The message the players received from the coaching staff after Thursday's season-opening loss to the Sabres was simple.
"We just have to be better," Jared McCann told me after Saturday's morning skate. "There's no easy way to put it, it just wasn't good enough. We have to be better. We practiced hard yesterday and looked at the video to see what we did wrong. It's things we can fix and tonight we're going to come out with a better effort."
"Just overall we have to be better," said Teddy Blueger. "We didn't compete hard enough, getting out-chanced, out-shot, those kinds of things."
"It was obvious, everybody knows," Dominik Kahun was telling me. "It seems like Buffalo was just more ready than us. We, for sure, learned from it, and we have to be ready tonight."
Obviously, having a better effort to start the game is key. By the midpoint of the first period of the opener, the Penguins were being outshot 10-2 and an even strength shot-attempt differential of minus-14. They weren't able to get any chances off, let alone get them to the net.
The Penguins as a team looked like a disjointed mess for most of the game, with the notable exception of the second line. There were moments of clear individual effort from different players, they just weren't able to come together after stumbling out of the gate.
"It's tough when you start off on the wrong foot," Blueger told me. "Guys are trying to create on their own a little too much, rather than trusting their teammates and using their help. That's something we need to do better."
After Thursday's game, Sullivan said the Penguins needed a "more collective, cooperative effort in all three zones."
The emphasis there is on "collective, cooperative," which is what Blueger was talking about when he said that guys weren't trusting or using their teammates enough. In speaking with other guys, it's clear that was a focus when the coaching staff was going over film of the game with the players.
"We just didn't play together as a team," said McCann. "We weren't together around the ice, we didn't support each other. I feel like it was an individual kind of team effort. But when we watched the video it wasn't like we were trying to do it. It was just something that happened and we have to move on and focus on the next game."
"We have to play more together, be there for each other more, play close to each other," Kahun said. "Just play more in the offensive zone, hold onto pucks, because the game was more back and forth all the time, we want to stick more in the offensive zone and we should be good."

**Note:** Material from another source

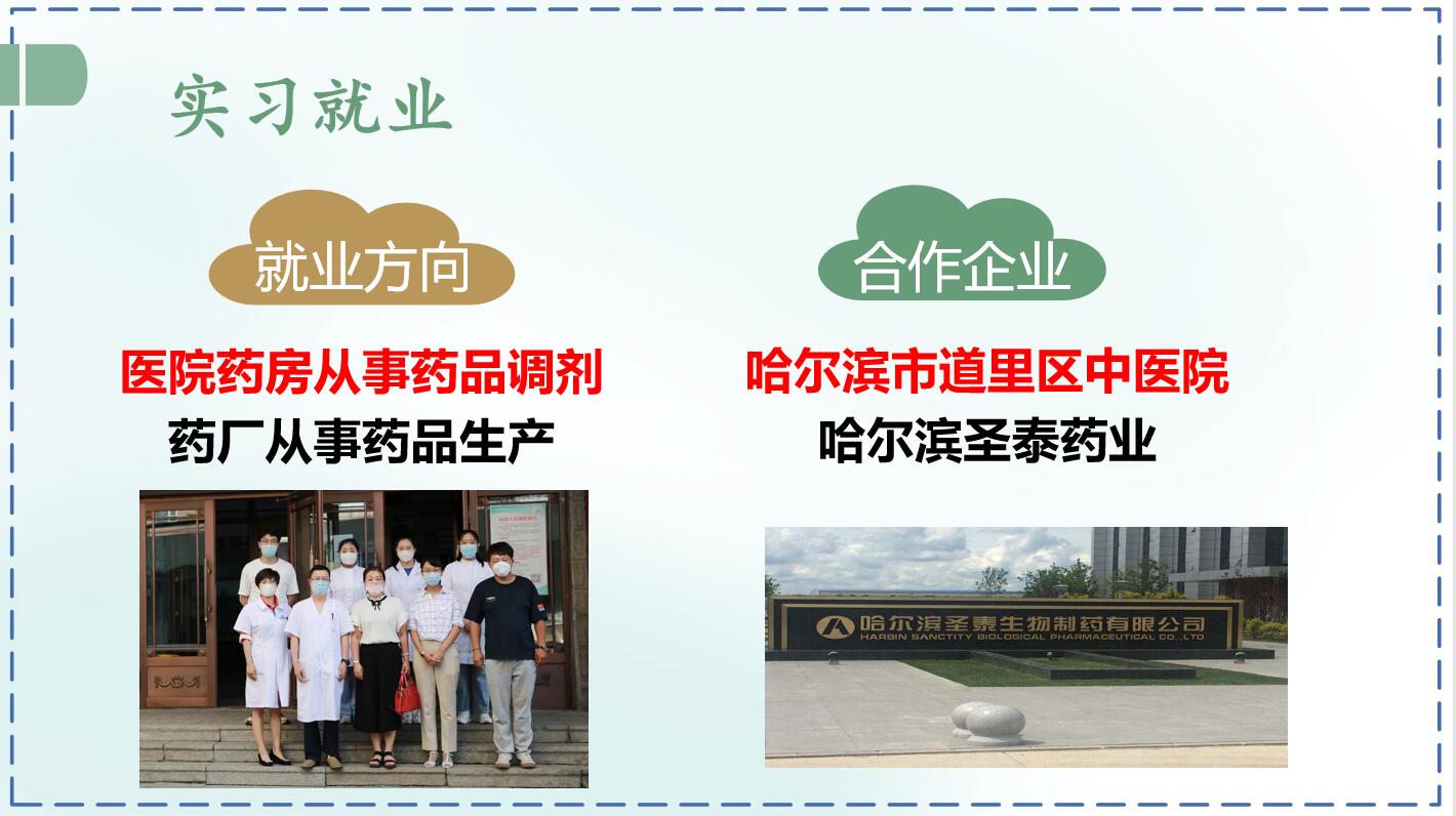 本專(zhuān)業(yè)由我校與道里中醫(yī)院、哈爾濱圣泰生物藥業(yè)等知名企業(yè)聯(lián)合培養(yǎng)。就業(yè)后可在各級(jí)醫(yī)院藥房、藥廠(chǎng)、醫(yī)藥公司、連鎖藥店等從事藥品調(diào)劑,藥品生產(chǎn),藥品銷(xiāo)售等工作。也可選擇自主創(chuàng)業(yè)開(kāi)辦藥店。學(xué)生就業(yè)月薪資在3000-8000以上,銷(xiāo)售及自主創(chuàng)業(yè)薪資上不封頂。

Going into Saturday's game against the Blue Jackets, do the players just wipe the mess that was last game from their memories and start fresh? Do they learn from it and try to build off of it? It's a little of both.
"The last game has been in the back of our heads, so hopefully it'll create that energy that we need," Blueger said.
"For a couple of hours after the game you think about it, see what you did right, see what you did wrong, even into the next day," McCann said. "But once that's over, once the video is done with, you learn from it and you move on."
"You have to forget a game like that, but you learn from it, too," said Kahun. "We know our mistakes there, we just weren't hard enough on pucks. We just gave up too many scoring chances. We learn from it and make it better."
It would be pretty hard to make things worse compared to last game, so it's only up from here.
THE ESSENTIALS
• Media notes
• Team statistics
• NHL scoreboard
THE SESSION
• It was an optional skate that only lasted about 20 minutes. No line rushes, no special teams work. Sidney Crosby, Patric Hornqvist, Kris Letang, and Justin Schultz were the only players absent.
• As expected, Matt Murray was the first goaltender off the ice, indicating he will start.
• Since it was an optional skate and we didn't get any line rushes, we don't know what the lineup will look like tonight. If yesterday's practice is any indication, Dominik Simon could end up back on the top line. Sullivan honestly sounds like he's tired of explaining to people what the coaching staff sees in Simon's game, so he kept it short when asked why he was comfortable with Simon on the top line.
"He's a good player," Sullivan said. "He's strong on pucks, he makes plays. He's just a good, solid 200-foot hockey player."
THE SCHEDULE
Faceoff tonight is 7:08 at PPG Paints Arena, where Dave, Sunday and I will have your coverage. The Penguins will have an off day on Sunday.